(698f) Rapid Diagnosis and Discrimination of Healthy and Breast Cancer Tissues Using Classical and Imaging FTIR
AIChE Annual Meeting
2017
2017 Annual Meeting
Food, Pharmaceutical & Bioengineering Division
Biosensors, Biodiagnosis and Bioprocess Monitoring II: Technology and Device Development
Thursday, November 2, 2017 - 2:00pm to 2:18pm
The talk will cover spectral and chemometric investigation of IR data to develop a classification tool to discriminate tumors from healthy tissues. For this, spectral responses collected from healthy and malignant tissues were first treated with multivariate statistical tools to develop a model to distinguish healthy and malignant tissues. Spectroscopic data was first reduced into factors and loading applying partial least square (PLS) and factors of PLS were then used to develop discrimination models to separate healthy and tumor tissues on a 2D canonical variate plane using canonical variate analysis (CVA). This hybrid PLS-CVA analysis was employed to fingerprint, DNA/RNA or Amide I&II IR absorption bands portions of the original FTIR spectra separately. Since the fingerprint region covers DNA/RNA and Amide absorption bands regions in the 100-1650 cm-1 wavenumber, the best discrimination results were obtained using from this region. Figure 2 shows discrimination of 38 healthy and 66 tumor tissues in three groups.

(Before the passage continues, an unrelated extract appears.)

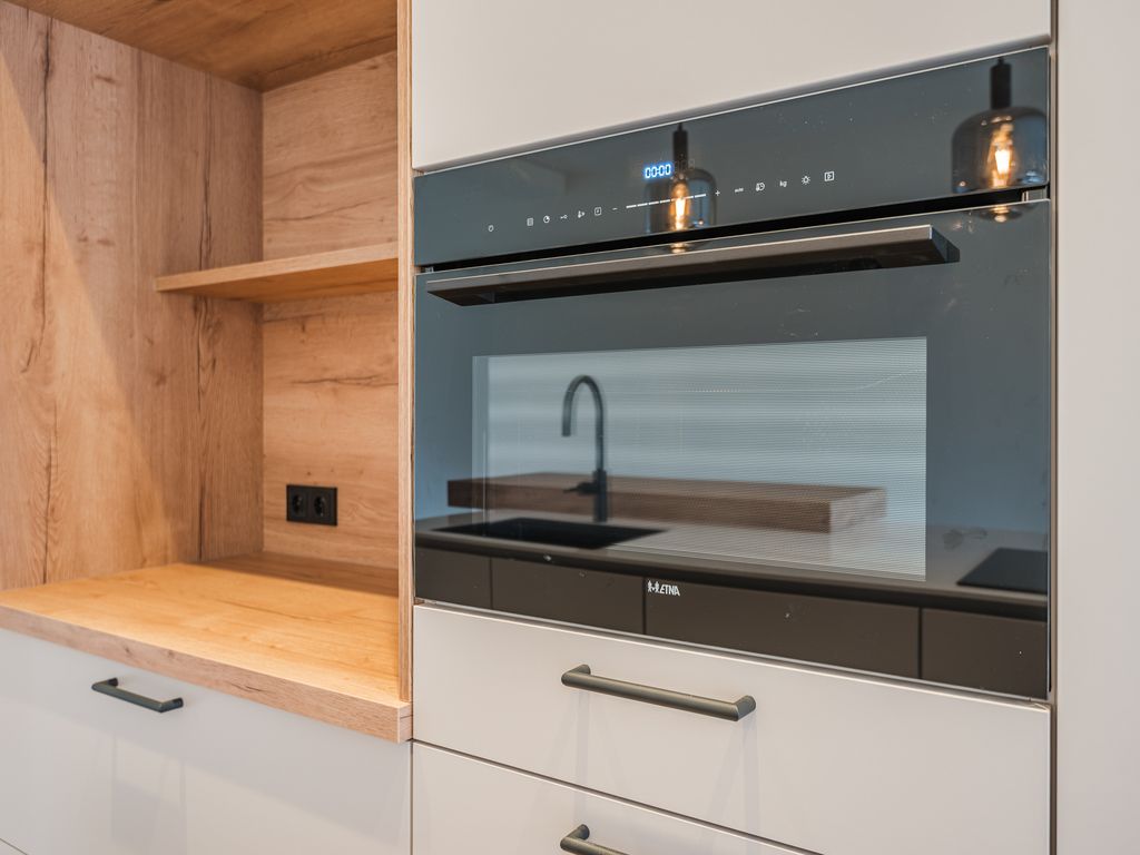 De kamerhoge kastenwand met koffiebar, ingebouwde koelkast, 3-vaks vriezer en combi-oven maakt het geheel compleet.

After successful classification of breast tissues into healthy and tumor groups, discrimination of tumors with respect to their clinical histopathologic evaluations was performed. Dicrimination of tumors based on their pathologic grading (Figure 3), staging with respect to tubulus formation (T score), spread to lymph nodes (N score) and metastasis of cancer (M score). Discrimination of tumor based on histopathological information will be introduced and successful discrimination models will be shown.
Finally, IR image of a breast tissue will be introduced and tumorsâ compositional differentiation depended spectral response changes will be presented to prove the rapid discrimination nature of the proposed technique using molecular level information.